*** Begin section ***
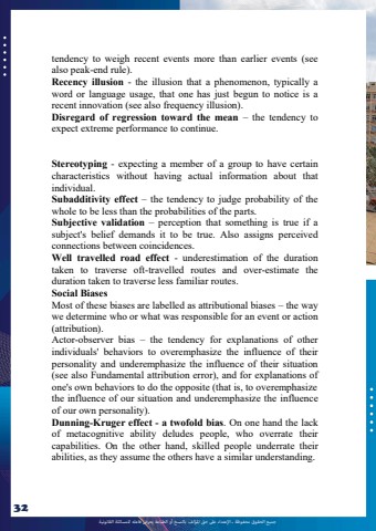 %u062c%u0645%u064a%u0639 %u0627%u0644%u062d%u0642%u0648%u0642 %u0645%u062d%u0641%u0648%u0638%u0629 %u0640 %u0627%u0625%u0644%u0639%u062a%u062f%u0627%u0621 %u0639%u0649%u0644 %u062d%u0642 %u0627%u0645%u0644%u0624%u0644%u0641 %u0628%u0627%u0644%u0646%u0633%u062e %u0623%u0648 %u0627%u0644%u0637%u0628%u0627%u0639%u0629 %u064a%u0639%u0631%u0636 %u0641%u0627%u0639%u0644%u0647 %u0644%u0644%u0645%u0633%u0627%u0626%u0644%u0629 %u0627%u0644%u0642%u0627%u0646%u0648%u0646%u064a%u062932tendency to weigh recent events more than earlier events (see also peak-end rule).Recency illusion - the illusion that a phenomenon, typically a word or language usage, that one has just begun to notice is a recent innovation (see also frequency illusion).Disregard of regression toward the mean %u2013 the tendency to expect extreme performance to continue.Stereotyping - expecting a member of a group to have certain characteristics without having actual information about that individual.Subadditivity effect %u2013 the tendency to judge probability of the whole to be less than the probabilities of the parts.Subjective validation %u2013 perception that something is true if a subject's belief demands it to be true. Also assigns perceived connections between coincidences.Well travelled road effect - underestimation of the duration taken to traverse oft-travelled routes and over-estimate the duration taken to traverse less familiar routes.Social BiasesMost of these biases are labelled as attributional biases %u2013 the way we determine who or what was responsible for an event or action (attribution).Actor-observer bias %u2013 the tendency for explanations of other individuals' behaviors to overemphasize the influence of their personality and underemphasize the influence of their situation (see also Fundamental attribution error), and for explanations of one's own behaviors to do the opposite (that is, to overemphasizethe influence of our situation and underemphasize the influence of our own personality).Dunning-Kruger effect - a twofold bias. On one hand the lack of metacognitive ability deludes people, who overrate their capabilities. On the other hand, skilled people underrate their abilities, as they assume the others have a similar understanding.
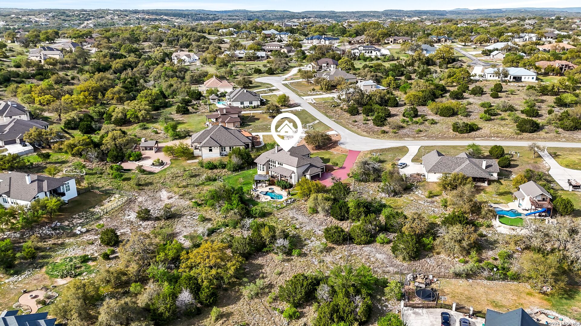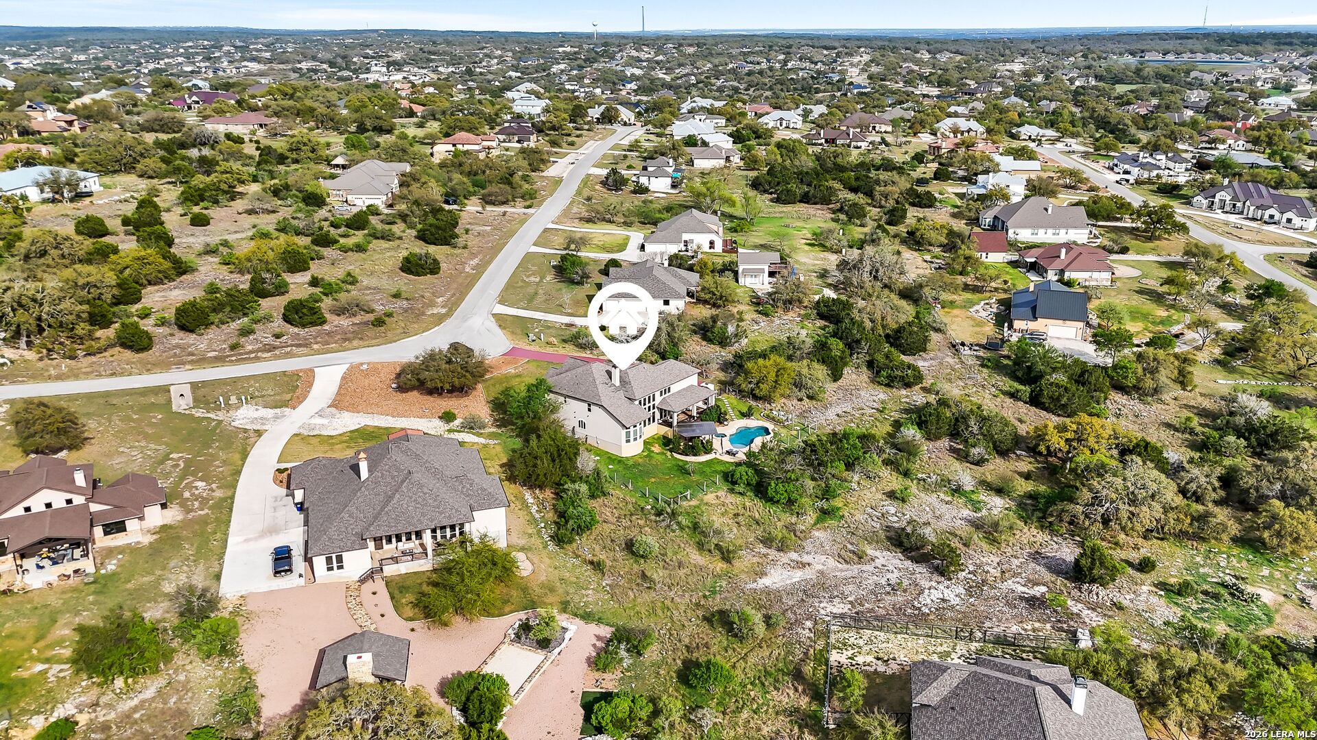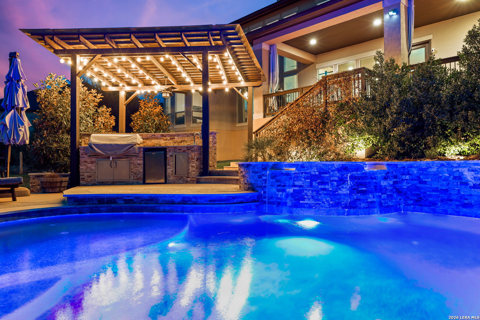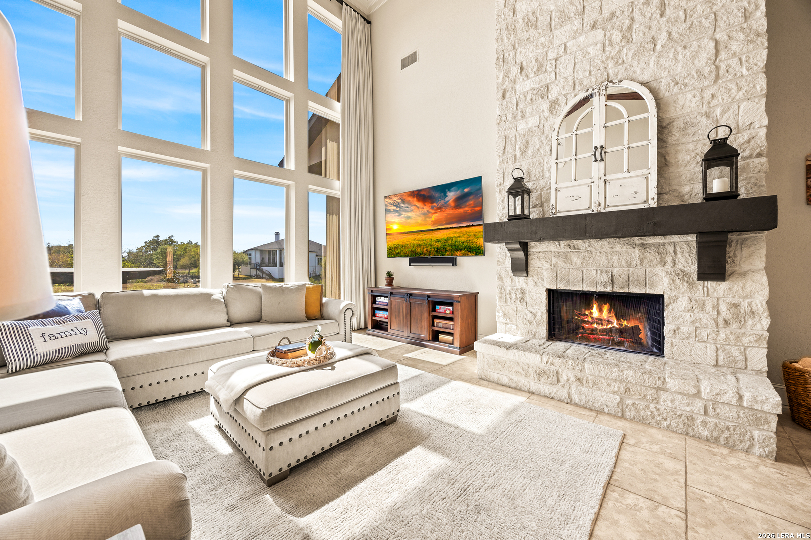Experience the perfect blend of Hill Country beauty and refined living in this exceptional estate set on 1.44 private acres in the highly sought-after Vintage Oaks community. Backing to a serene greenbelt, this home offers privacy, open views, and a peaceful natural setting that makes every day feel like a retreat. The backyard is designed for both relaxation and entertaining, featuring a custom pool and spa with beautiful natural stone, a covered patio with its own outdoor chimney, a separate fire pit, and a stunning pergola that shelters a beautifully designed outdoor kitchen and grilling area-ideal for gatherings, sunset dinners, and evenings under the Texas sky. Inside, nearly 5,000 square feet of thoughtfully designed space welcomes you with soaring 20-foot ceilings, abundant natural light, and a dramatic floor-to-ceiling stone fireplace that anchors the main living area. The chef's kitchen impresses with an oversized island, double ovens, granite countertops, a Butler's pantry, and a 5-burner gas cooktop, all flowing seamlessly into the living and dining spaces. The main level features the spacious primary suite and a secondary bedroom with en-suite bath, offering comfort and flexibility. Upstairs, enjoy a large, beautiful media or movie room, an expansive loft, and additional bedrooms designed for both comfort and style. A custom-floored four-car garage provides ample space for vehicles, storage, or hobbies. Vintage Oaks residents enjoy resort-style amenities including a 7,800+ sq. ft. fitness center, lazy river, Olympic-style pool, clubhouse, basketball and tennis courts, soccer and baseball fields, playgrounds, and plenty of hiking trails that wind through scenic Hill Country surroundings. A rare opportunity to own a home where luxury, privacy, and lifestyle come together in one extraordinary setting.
*** End section ***
*** Begin section ***
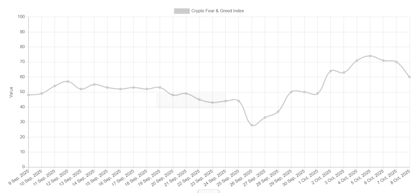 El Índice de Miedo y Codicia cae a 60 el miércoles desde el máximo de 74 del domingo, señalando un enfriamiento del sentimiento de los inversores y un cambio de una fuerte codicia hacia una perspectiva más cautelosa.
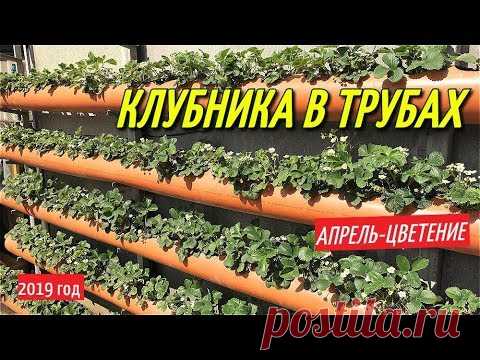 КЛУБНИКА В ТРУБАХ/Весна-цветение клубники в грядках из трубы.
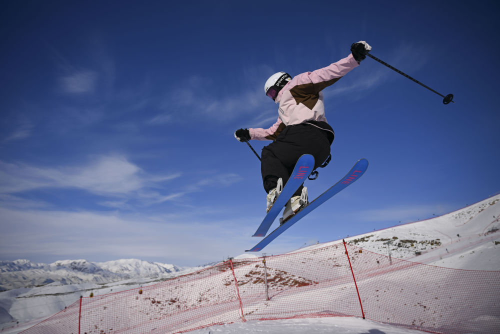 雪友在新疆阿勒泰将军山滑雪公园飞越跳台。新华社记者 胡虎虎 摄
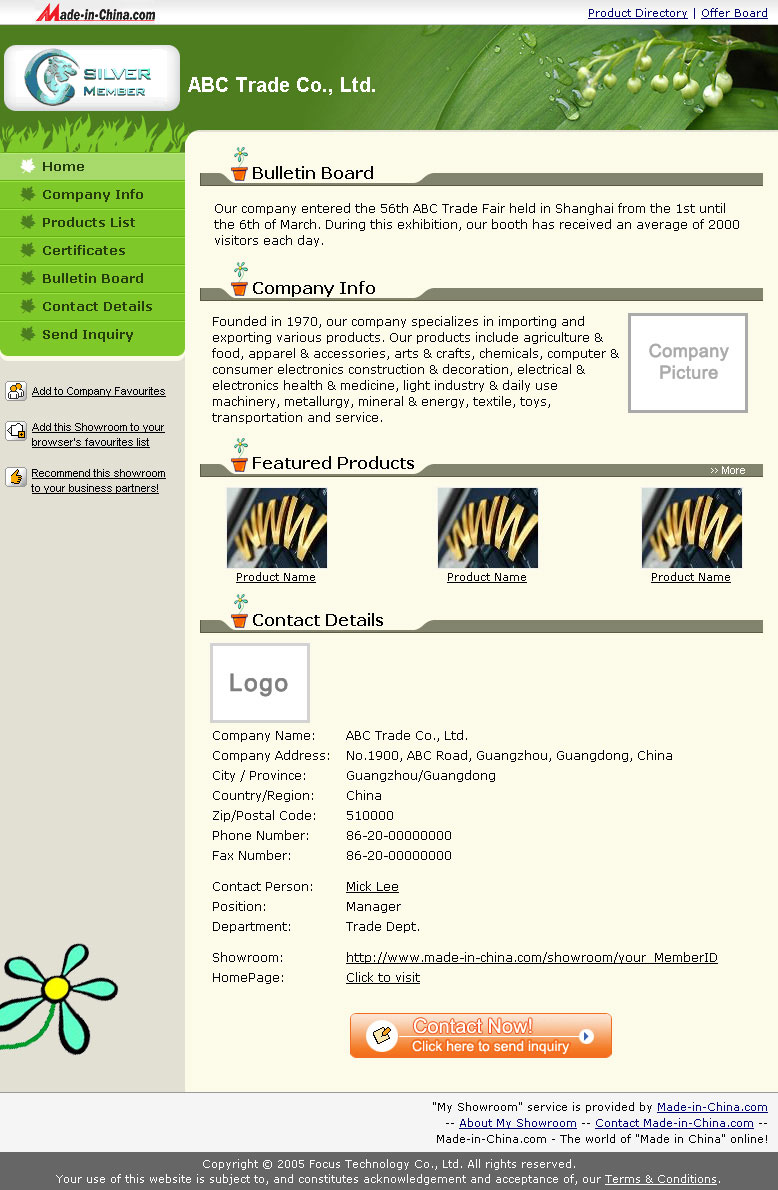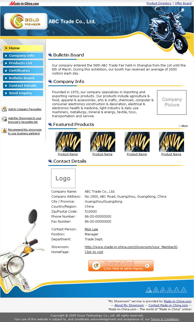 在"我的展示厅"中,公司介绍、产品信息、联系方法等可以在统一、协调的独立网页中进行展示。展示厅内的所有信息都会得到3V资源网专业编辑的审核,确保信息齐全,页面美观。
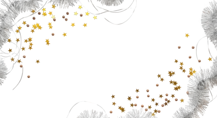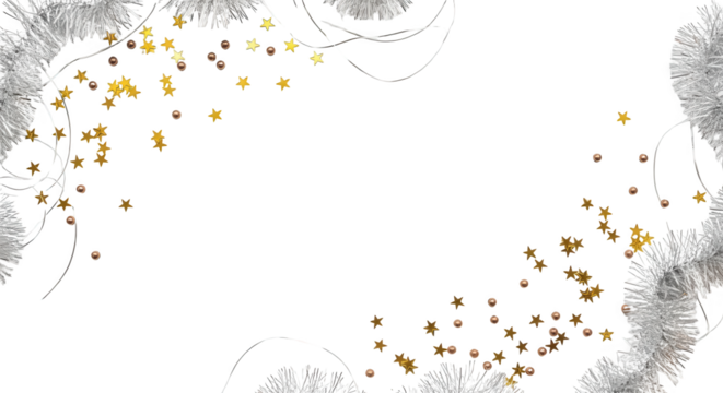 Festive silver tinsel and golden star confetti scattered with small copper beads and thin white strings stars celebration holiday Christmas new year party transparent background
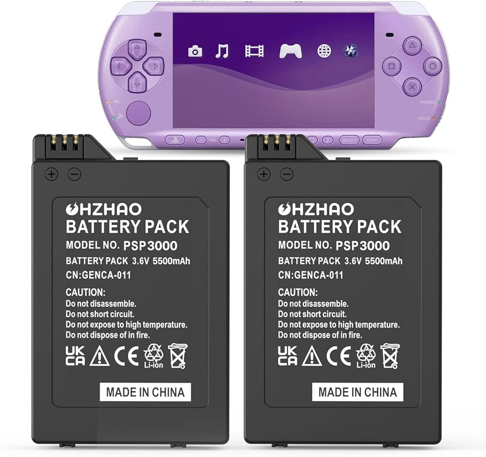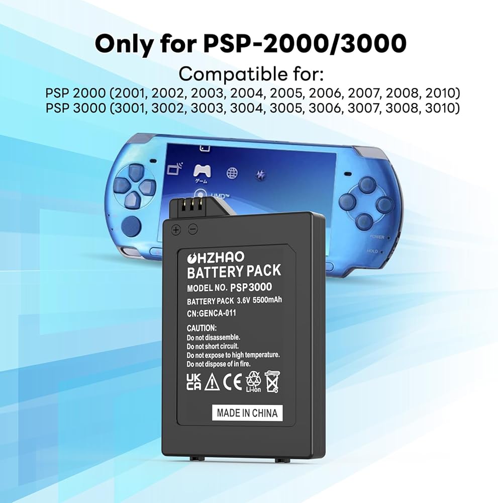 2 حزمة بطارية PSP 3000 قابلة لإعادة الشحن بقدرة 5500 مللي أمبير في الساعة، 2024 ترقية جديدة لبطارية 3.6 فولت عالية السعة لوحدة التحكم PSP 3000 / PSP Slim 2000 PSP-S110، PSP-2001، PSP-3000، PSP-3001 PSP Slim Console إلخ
*** End section ***
*** Begin section ***
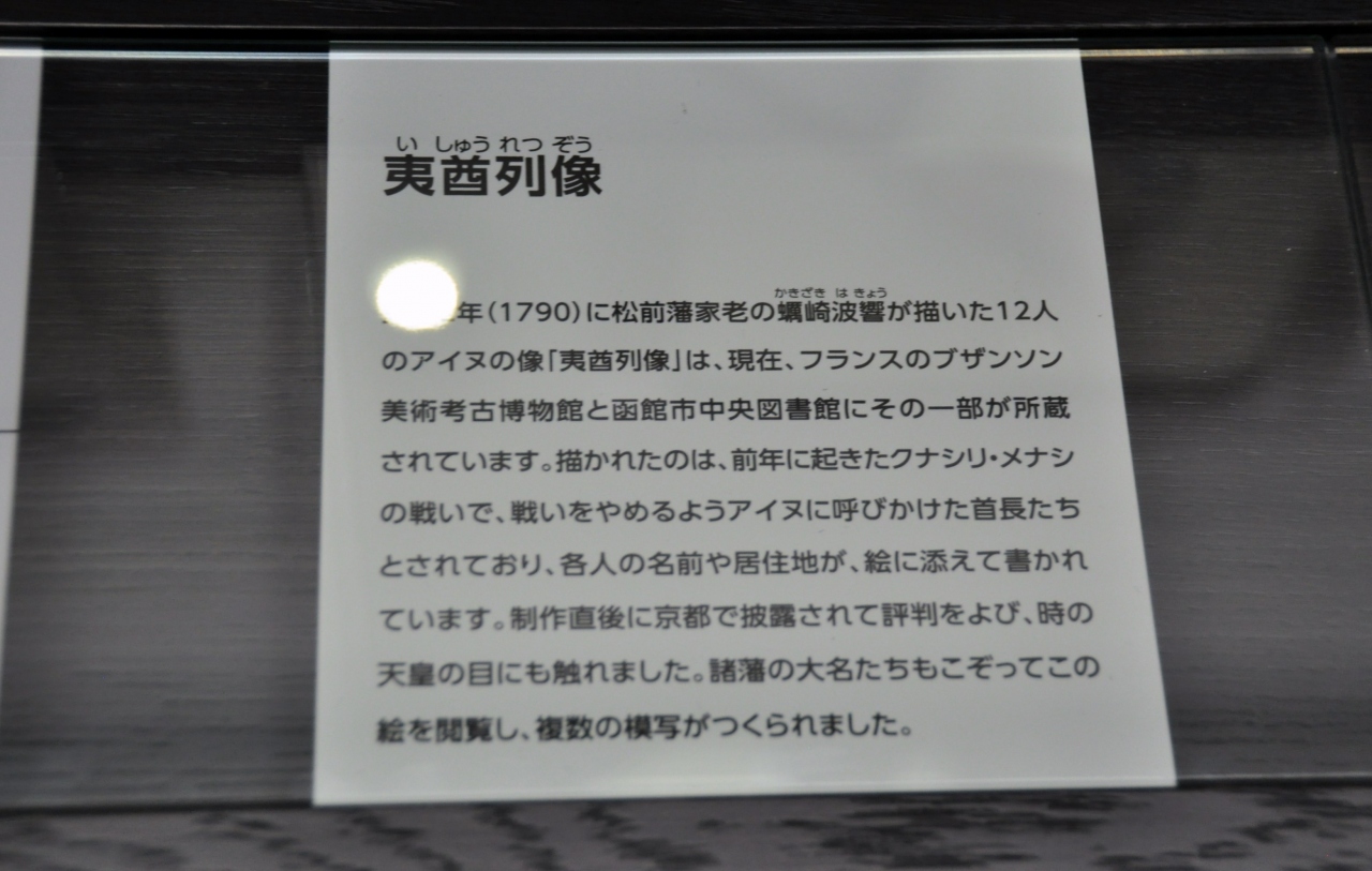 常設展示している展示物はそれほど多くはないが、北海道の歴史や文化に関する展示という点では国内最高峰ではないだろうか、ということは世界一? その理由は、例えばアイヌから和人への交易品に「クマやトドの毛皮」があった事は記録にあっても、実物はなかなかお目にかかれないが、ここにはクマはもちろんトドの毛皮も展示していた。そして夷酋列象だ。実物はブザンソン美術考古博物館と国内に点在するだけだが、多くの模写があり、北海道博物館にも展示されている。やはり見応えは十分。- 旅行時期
*** End section ***
EXERCISE REQUIREMENTS: Start at the line containing "雪友在新疆阿勒泰将军山滑雪公园飞越跳台。新华社记者 胡虎虎 摄" above and stop at the line containing "2 حزمة بطارية". Output those lines exactly, both included, but none of the pictures.

TASK RESULT:
 雪友在新疆阿勒泰将军山滑雪公园飞越跳台。新华社记者 胡虎虎 摄
 在"我的展示厅"中,公司介绍、产品信息、联系方法等可以在统一、协调的独立网页中进行展示。展示厅内的所有信息都会得到3V资源网专业编辑的审核,确保信息齐全,页面美观。
 Festive silver tinsel and golden star confetti scattered with small copper beads and thin white strings stars celebration holiday Christmas new year party transparent background
 2 حزمة بطارية PSP 3000 قابلة لإعادة الشحن بقدرة 5500 مللي أمبير في الساعة، 2024 ترقية جديدة لبطارية 3.6 فولت عالية السعة لوحدة التحكم PSP 3000 / PSP Slim 2000 PSP-S110، PSP-2001، PSP-3000، PSP-3001 PSP Slim Console إلخ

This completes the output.